Sunday, November 1, 2015

Mob Programming the Halloween Game Hackathon Experience

I spent my weekend in all-women Halloween Game Hackathon. For 2,5 days, close to 30 women got together for a coding event to form group with friends and strangers to build Halloween-themed games. The results are available on the event site.

This post is about my experience into all this. It's an experience colored by the fact that for 2,5 days, I was a developer.

When I created my name tag, this is what I said to talk to me about:


I actively avoided mentioning how little I enjoy programming in my every day work. I avoided talking lovingly about testing. I just did not actively volunteer info about what I do at work. I did not want to volunteer my labels. I wanted to be a developer amongst other developers. And that I did.

The organizers had placed us in teams based on our applications. Each team had a mix of experiences in programming. I did not know any of the three ladies I was assigned to work with, and was looking forward to it. Like I had written to my little name tag pumpkin, I was eager to work in mob format to really create together. It wasn't that easy though. The one of us that represented herself as the most experienced developer was strong on her opinions about what the game would be about (violence) and that she wouldn't want to work in a mob format. After deciding the basic directions on Friday evening, I was already preparing to just pay 30 euros (no-show fee) and leave - I would not be spending my weekend bossed around or left on the sidelines when there was such opportunities to learn from each other. Money was not the relevant investment - this cost me two nights away from my kids -time, as the days were long and they couldn't come home for the nights at all.

The never-before-programmer in my team encouraged me to not give up yet, but just go with it on Saturday morning. On mobbing I got back to the piece of advice I was given before: mob with the part of your team that wants to do that, and with that advice the three of us that were on site early on on Saturday went with mob programming, regardless of initial hesitation. I talked about how much more important it was to me that our never-before-programmer would feel she is an equal contributor in writing the code, than getting as much of it done as we could if learning for all of us wasn't the main goal. And the two ladies went with my request on "let's try it then" promise.

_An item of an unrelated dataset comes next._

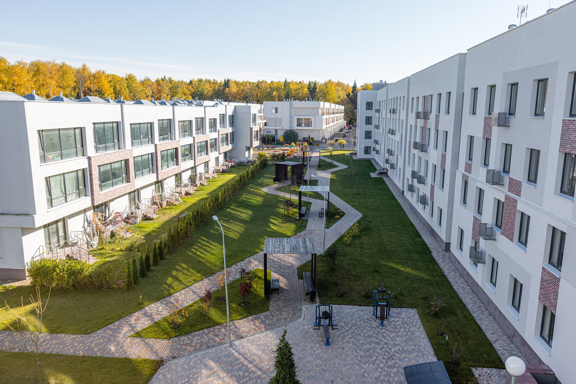 Всё необходимое для комфортного проживания - охраняемая закрытая территория, детский школьный автобус и своя бесплатная маршрутка, детская и спортивная площадки, благоустроенная территория, зона парковки, в минимаркете всегда свежие продукты, жилой комплекс окружен чистым лесом.

With 4 minute rotations on who was on the keyboard, we quickly picked the rhythm of just continuing where the previous driver left off. We used a javascript game engine that none of us had used before, and the mob format was particularly powerful in agreeing what we wanted to do and learning how that could be done. We solved our problems together, and the three of us owned every line of the code together.

There were moments that I was particularly delighted about as I find them insightful experiences:

  • We needed to find a way to do our game timer. We were working on an idea of needing quite many lines, when our never-before-programmer said as a joke: "Why can't there just be getTimer that gives us that". The others picked up on this: "Let's create a function for that" - and the unclear many lines transformed into very purposeful transformation of our intent into doing just what we needed.
  • We run into a particularly tricky problem with the game engine, and I was ready to give up and move to another feature. The persistence of the experienced developer in the mob kept us all on task, bringing in ideas on how to approach this. And bringing in yet another developer, we got the ideas to get away from our blocking problem with an actual solution - not the code we were missing, but the idea of how to work with limitations of the engine. 
  • The fourth group member came in later, and suggested to break down the mob and get everyone developing on their own. By this time, the trio said no, because we had experienced  how much more powerful we were together. 
  • By Sunday morning, our never-before-programmer was very skillfully navigating for implementing new (similar) features while I was driving and our third developer was taking a break.  
  • Throughout the weekend, our software was release-ready feature by feature, and we did really well on finding the next step that made sense to implement. We were about to go into planning the features, but managed with just outlining things in a mind map, to find more pressing features while getting some of the game done. 
  • The fourth group member (most senior developer) ended up contributing just graphics and a bug fix. Understanding what the game engine code logic was without the shared experience the mob had was difficult in the limited time. The individual contributor also used a lot of our time in waiting for her resolving merge conflicts and asking us not to check in while she needed to get the stuff in git. We would have gotten more done just as a mob. And her expertise could have been useful in solving the biggest and trickiest problems we needed to solve if she volunteered to join us over doing own things by herself. 
  • We failed with communicating between the mob and the individual contributor. The graphics brought in were not in synch with the idea we had had about what the game was, and the rest of us were left out on deciding what they would be about. But we adapted - to create less value than we could have, if the communication would have worked.
  • I made it through the weekend without ever mentioning how little I code, and was really contributing equally for the solutions. For the first time, I was an active navigator and not just filling in an insight here and there. That is because every line of code was created together. 
It was a fun experience, that taught me a lot again. It gave me yet another perspective into how great mob programming is and how well it actually dwells into the problems of team formation without specifically targeting those. 

The biggest takeaway for me was very personal: I learned I know a lot more on programming than I give myself credit for.